Роуленд бросил на меня колючий взгляд.
– Миссис Слэннинг пишет, что вы ходили к нему на ужин.
– Один раз. Мы подружились, потому что нас обоих довело поведение наших клиентов. Брат миссис Слэннинг – такой же досадный клиент, как и она сама. А она узнала о моем визите, потому что несколько вечеров шпионила за домом Коулсвина. Это дает вам представление об этой женщине.
– Она пишет, что ее брат сошелся с Коулсвином, потому что оба посещают одну и ту же радикальную церковь.
– Это вполне обычно для юристов и их клиентов.
Мой собеседник согласно кивнул и сложил руки домиком.
– Кто представляет ее интересы теперь? Мы знаем?
– Винсент Дирик из Грейс-Инн. Вчера он заходил ко мне, чтобы забрать документы.
Роуленд нахмурился:
– У него дурная репутация. В суде он раздует эту теорию заговора. Вероятно, и жалобу он подстроил.
– Говорит, что нет, что это была идея Изабель. И в этом я ему верю. Но он не сможет удержать ее от дальнейших заявлений в суде.
– Думаете, она может пожаловаться в Грейс-Инн на Коулсвина?
– На это она не имеет права. Он защищает не ее интересы.
Казначей задумался.
– Хорошо. Попытаюсь прекратить это. Напишу миссис Слэннинг, что нет никаких свидетельств обоснованности ее жалобы, и предупрежу о законе против диффамации. Это должно ее отпугнуть, – сказал он самодовольно, хотя я подозревал, что такое письмо только еще больше разозлит Изабель. – А вы, мастер Шардлейк, – продолжал он с сердитым раздражением в голосе, – больше не суйтесь в это дело. Я не хочу, чтобы вы оказались замешаны в религиозных спорах, когда в следующем месяце вам предстоит представлять на торжествах наш инн.
– Если хотите, я могу не участвовать в церемониях, – любезно предложил я.
Наградив меня неприязненной полуулыбкой, Роуленд покачал головой:
– О нет, брат Шардлейк, вы исполните свой долг. Я уже сообщил ваше имя. А теперь посмотрите вот это. – Он протянул мне другой ворох бумаг. – Подробности торжеств.
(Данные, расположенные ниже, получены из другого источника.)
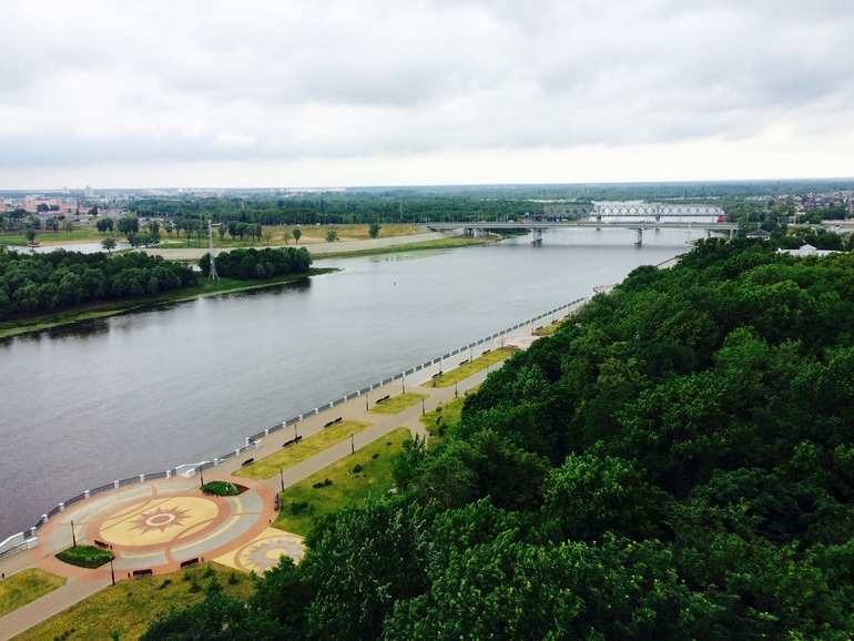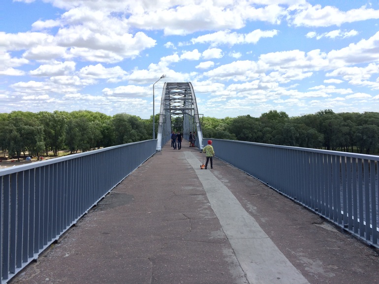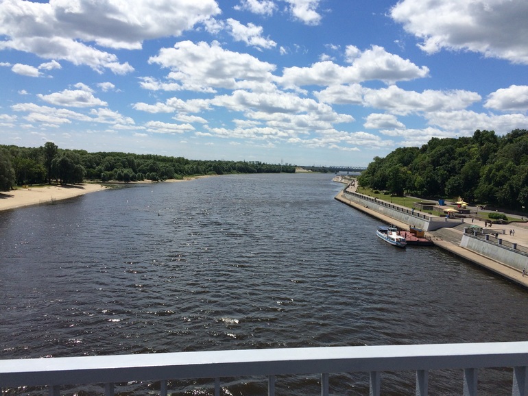 далее пошли ко Дворцу. через Сож тоже перекинут пешеходный мост. виды-красивые. на том берегу- песчаный пляж.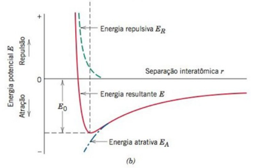 Ligações químicas Para compreender as propriedades dos materiais, precisamos conhecer as forças interatômicas que unem os átomos entre si. A grandes distâncias, as interações entre átomos são desprezíveis, porém, na medida em que os átomos se aproximam, cada um exerce forças sobre o outro. Essas forças atrativas dependem do tipo específico de ligação e as forças repulsivas são devido à sobreposição das camadas eletrônicas mais externas dos átomos envolvidos. Quando os átomos assumem uma distância de separação ideal, as forças de atração (FA) e repulsão (FR) se igualam e não existe qualquer força resultante. Assim, assume-se um estado de equilíbrio onde os átomos estão separados por uma distância r0. Uma vez na situação de equilíbrio, as forças repulsivas irão contrabalancear qualquer tentativa de aproximação dos átomos e forças atrativas irão contrabalancear qualquer tentativa de separação destes. Agora, ao invés de tratar de força, vamos trabalhar com energias potenciais entre dois átomos. O gráfico a seguir mostra as energias potenciais atrativas, repulsivas e total em função da separação interatômica para dois átomos. A curva para a energia resultante é igual à soma das outras duas, apresentando um poço de energia potencial ao redor do seu mínimo em r0. A energia de ligação, E0, corresponde à energia potencial no ponto de mínimo em r0 e representa a energia necessária para afastar dois átomos até uma distância infinita. A magnitude da energia de ligação e a forma da curva de energia potencial em função da separação interatômica variam de material para material e dependem do tipo de ligação química. Além disso, inúmeras propriedades dependem de E0, do formato da curva e do tipo de ligação. Geralmente, materiais com energias de ligação altas também possuem elevadas temperaturas de fusão. Um poço íngreme de energia potencial também pode indicar um material com módulo de elasticidade alto. A assimetria da curva pode estar associada à maiores coeficientes de dilatação térmica, etc. Três tipos de ligações químicas primárias são encontradas nos sólidos: ligação iônica, covalente e metálica. Em todos os tipos de ligação há a tendência dos átomos em adquirir estruturas eletrônicas estáveis pelo preenchimento completo da camada eletrônica mais externa. Ligação iônica: - Consiste na ligação entre átomos com eletronegatividade distinta, como elementos metálicos e não metálicos de diferentes extremidades da tabela periódica. Os metais, por exemplo, perdem com facilidade seus elétrons para os não-metais. Nesse processo, todos os átomos adquirem configurações eletrônicas estáveis e, além disso, uma carga elétrica. Ex: NaCl Na+ Cl- A ligação iônica é não direcional, isto é, a magnitude da ligação é igual em todas as direções ao redor do íon. Sendo assim, para que um arranjo tridimensional se mantenha estável, todos os íons positivos devem ter como vizinhos íons carregados negativamente e vice versa. As energias de ligação iônica variam de 600 a 1500 kJ/mol. Esses valores são relativamente altos, o que se refletem em temperaturas de fusão elevadas. Além disso, matérias iônicos são caracteristicamente duros e frágeis e, além disso, isolantes elétricos e térmicos. Ligação covalente: - Na ligação covalente, configurações eletrônicas estáveis são adquiridas por meio do compartilhamento de elétrons entre os átomos. Neste tipo de ligação, os elétrons compartilhados podem ser considerados pertencentes à ambos os átomos. Ex: Metano CH4 A ligação covalente é direcional, isto é, ela ocorre entre átomos específicos e pode existir apenas na direção entre um átomo e o outro que participa do compartilhamento de elétrons. Esse tipo de ligação é encontrado em sólidos elementares como o diamante e o grafite (carbono), o silício e o germânio. As ligações covalentes podem ser muito fortes, como no caso do diamante, que é muito duro e tam temperatura de fusão muito elevada (>3550 °C), ou elas podem ser muito fracas, como acontece com o bismuto, que se funde a aproximadamente 270 °C. É possível a existência de ligações que sejam parcialmente iônicas e parcialmente covalentes. Na prática, poucos compostos apresentam ligações exclusivamente iônicas ou covalentes. O grau de cada tipo de ligação depende das posições relativas dos seus átomos constituintes na tabela periódica ou da diferença de suas eletronegatividades. Ligação metálica: Na tabela periódica, a grande maioria dos elementos possui caráter metálico predominante. Os materiais metálicos podem ser formados por apenas um elemento químico metálico, mas são frequentemente formados pela combinação em solução sólida de elementos metálicos, ou seja, ligas. Os elementos químicos metálicos possuem 1, 2 ou 3 elétrons de valência e, por isso, tendem a formar íons positivos. No modelo proposto para as ligações metálicas, os elétrons de valência não estão ligados a nenhum átomo particular, formando uma “nuvem de elétrons” em que os elétrons pertencem ao metal como um todo. Na prática, a “nuvem de elétrons” atua como uma proteção às forças eletrostáticas repulsivas entre estes núcleos iônicos, atuando como uma “cola” que mantém a estrutura íntegra e atribuindo um caráter não direcional à ligação metálica. As ligações metálicas podem ser fortes ou fracas. Desde 68 kJ/mol para o mercúrio (Hg) até 850 kJ/mol para o tungstênio (W). Isso tem influência direta na temperatura de fusão desses metais. Tm Hg = -39 °C Tm W = 3410 °C Alguns comportamentos dos metais podem ser justificados pelo modelo proposto para as ligações metálicas. Devido aos elétrons livres, pode-se justificar a boa condutividade elétrica e térmica dos metais. Materiais iônicos e covalentes são, normalmente, isolantes elétr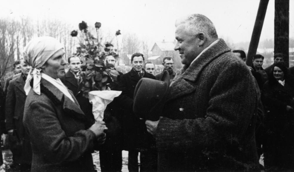 Krustpils-Jēkabpils dzelzceļa tilta atklāšanas ceremonija. Krustpils iedzīvotāji sniedz ziedus Latvijas Valsts prezidentam un Latvijas Ministru prezidentam Kārlim Ulmanim.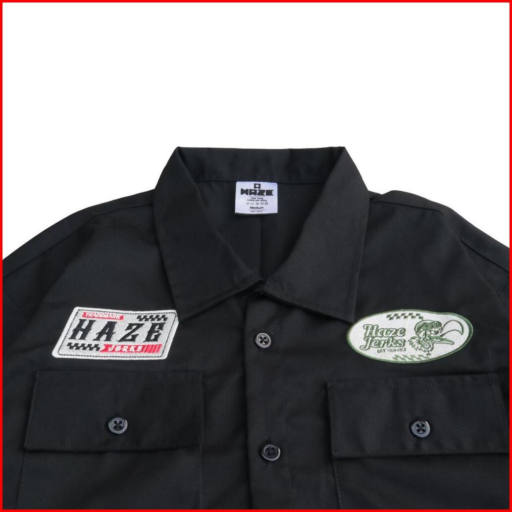 Haze Workshirt Open Collar Boxy Fit Black - Racer Birds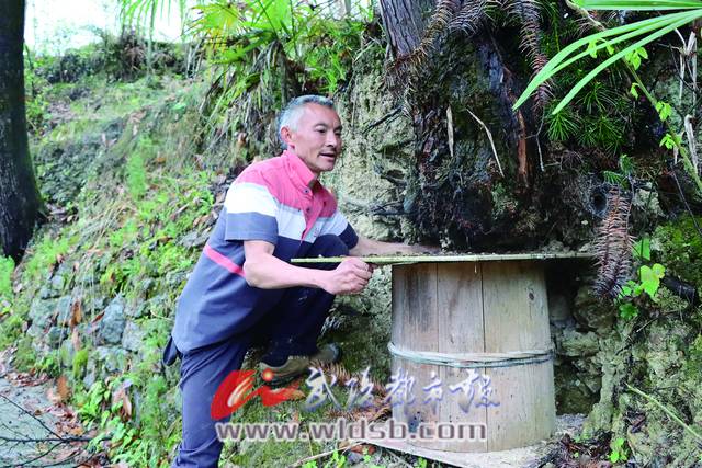 喂養(yǎng)蜜蜂是以前謝太平家的副業(yè),他利用房前屋后的巖穴和大樹下面的空檔,放置一些蜂桶讓蜜蜂自己往里鉆,抱著能收入多少算多少的心態(tài)。遇到蜜蜂分桶,他也沒時間去經管,所以蜜蜂的數量也就一直增不起來。只是近幾年,謝太平才開始對養(yǎng)蜂重視起來。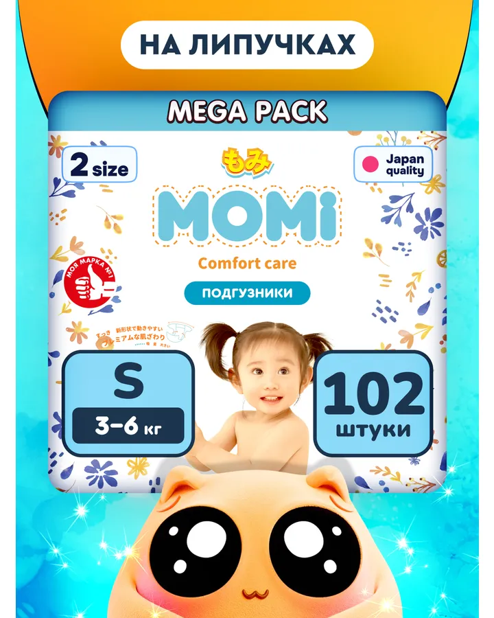 5Подгузники Momi Comfort Care NB 102 шт.Хорошие, сухо всегда. Спасибо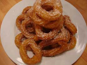 Malzemelerin hepsini karıştırıp,yumuşak hamur yapın.Hamuru sıkma torbasına koyun.Elinizi yağlayın.Hamuru elinizin üstüne halka şeklinde sıkın,simit gibi bir şekil verebilirsiniz.Tavadaki soğuk yağa atınız.Tavada pişirip iyice kızarınca soğuk şerbete çıkarın.Daha üzerine Hindistan cevizi serpip servis yapabilirsiniz.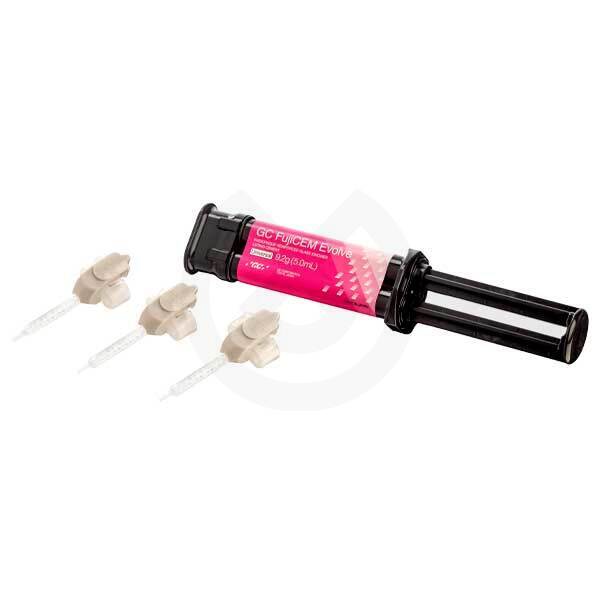 FujiCEM Evolve es un cemento de ionómero de vidrio modificado con resina que proporciona un rendimiento fiable y una agradable comodidad. Brinda facilidad de uso y rendimiento para trabajos protésicos estándar, desde restauraciones con base de metal retentivas hasta restauraciones de circonia. No es irritante ni presenta riesgo de sensibilidad postoperatoria. Mejora el rendimiento gracias a una excelente adherencia al diente y restauración, especialmente al zirconio. Disponible en color universal para adaptarse a todas las situaciones clínicas. Las puntas 'Push and Click' se pueden poner y quitar fácilmente con un solo toque.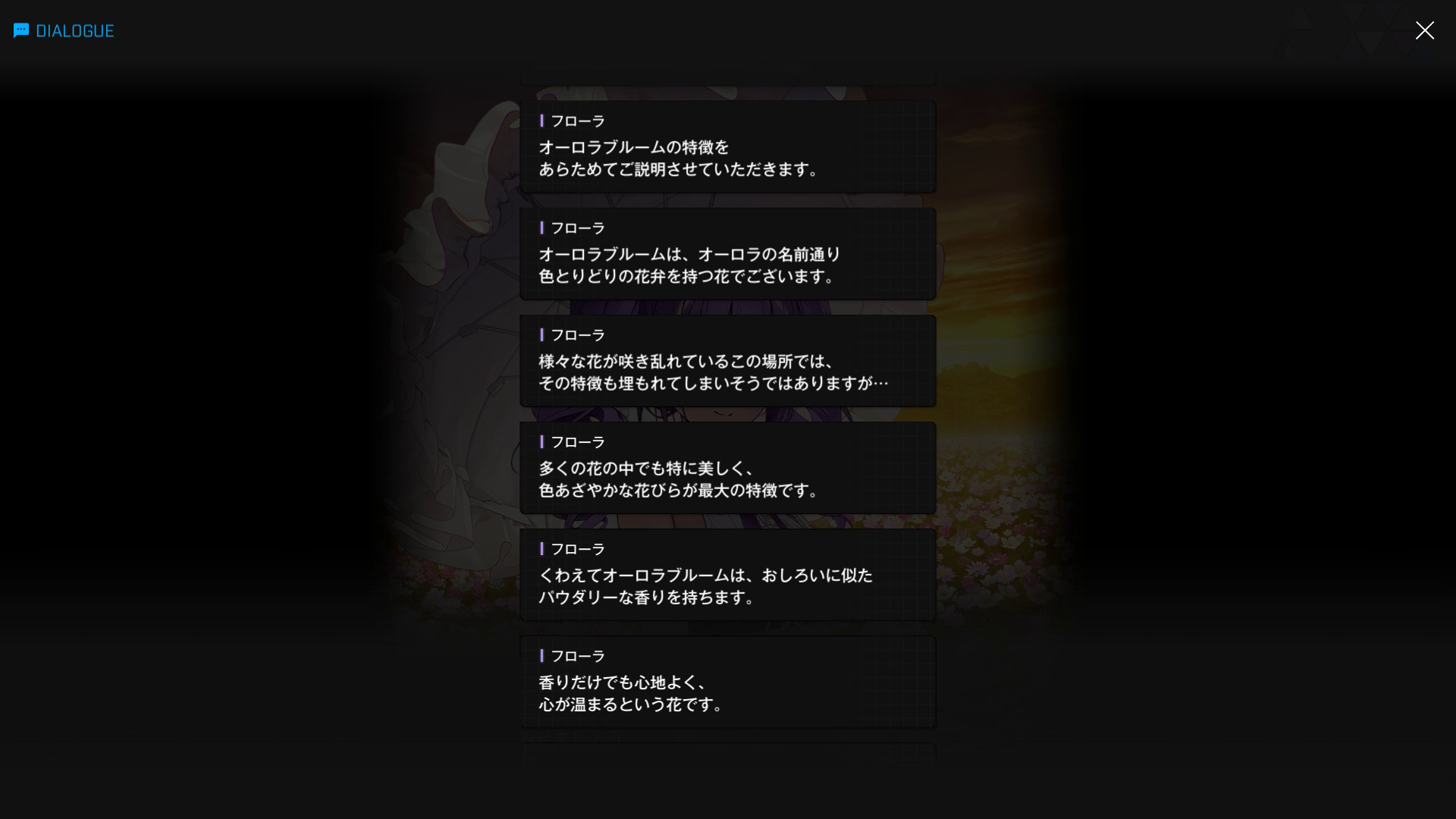 ・詳細は以下SSのとおり → フローラの追加説明によれば、「かなりの希少種」& 2枚目のような内容らしい(『希少種の花:A』&『オーロラブルーム:A』より)

Я просмотрел их, вспомнив, как Пэджет и королева говорили о заказанных для нее драгоценностях и новых нарядах для фрейлин. И все же я вытаращил глаза, увидев масштаб запланированного. Адмирал поднимется по Темзе двадцатого августа с дюжиной галер. Корабли короля, встречавшиеся с этими галерами в сражении ровно год назад, должны выстроиться вдоль Темзы от Грейвсенда до Дептфорда, приветствуя его. Король примет гостя в Гринвиче, на следующий день адмирал по реке поднимется к Лондонскому Тауэру, а потом проедет верхом по улицам Лондона. Во время этой процессии лондонские олдермены и главы гильдий – и другие, включая старших юристов от всех судебных иннов, – выстроятся вдоль улиц, приветствуя его, все в своих лучших робах. Я закрыл глаза, вспоминая, как год назад стоял на палубе «Мэри Роуз», глядя на эти самые галеры, стрелявшие в наш флот.
– Ничего себе, а? – сказал Роуленд – даже его, похоже, это слегка потрясло.
– Да, мастер казначей.
Я стал читать дальше. Адмирал пробудет в Лондоне два дня и двадцать третьего верхом отправится в Хэмптон-Корт. По пути его встретит с приветствием принц Эдуард, лорды, дворянство и тысяча всадников. На следующий день он отобедает с королем и королевой, а потом в Хэмптон-Корте будут колоссальные празднества. И снова потребуется мое присутствие, как одного из сотен на заднем плане.
– Понимаю, это все, чтобы произвести на него впечатление. – Я положил бумаги на стол.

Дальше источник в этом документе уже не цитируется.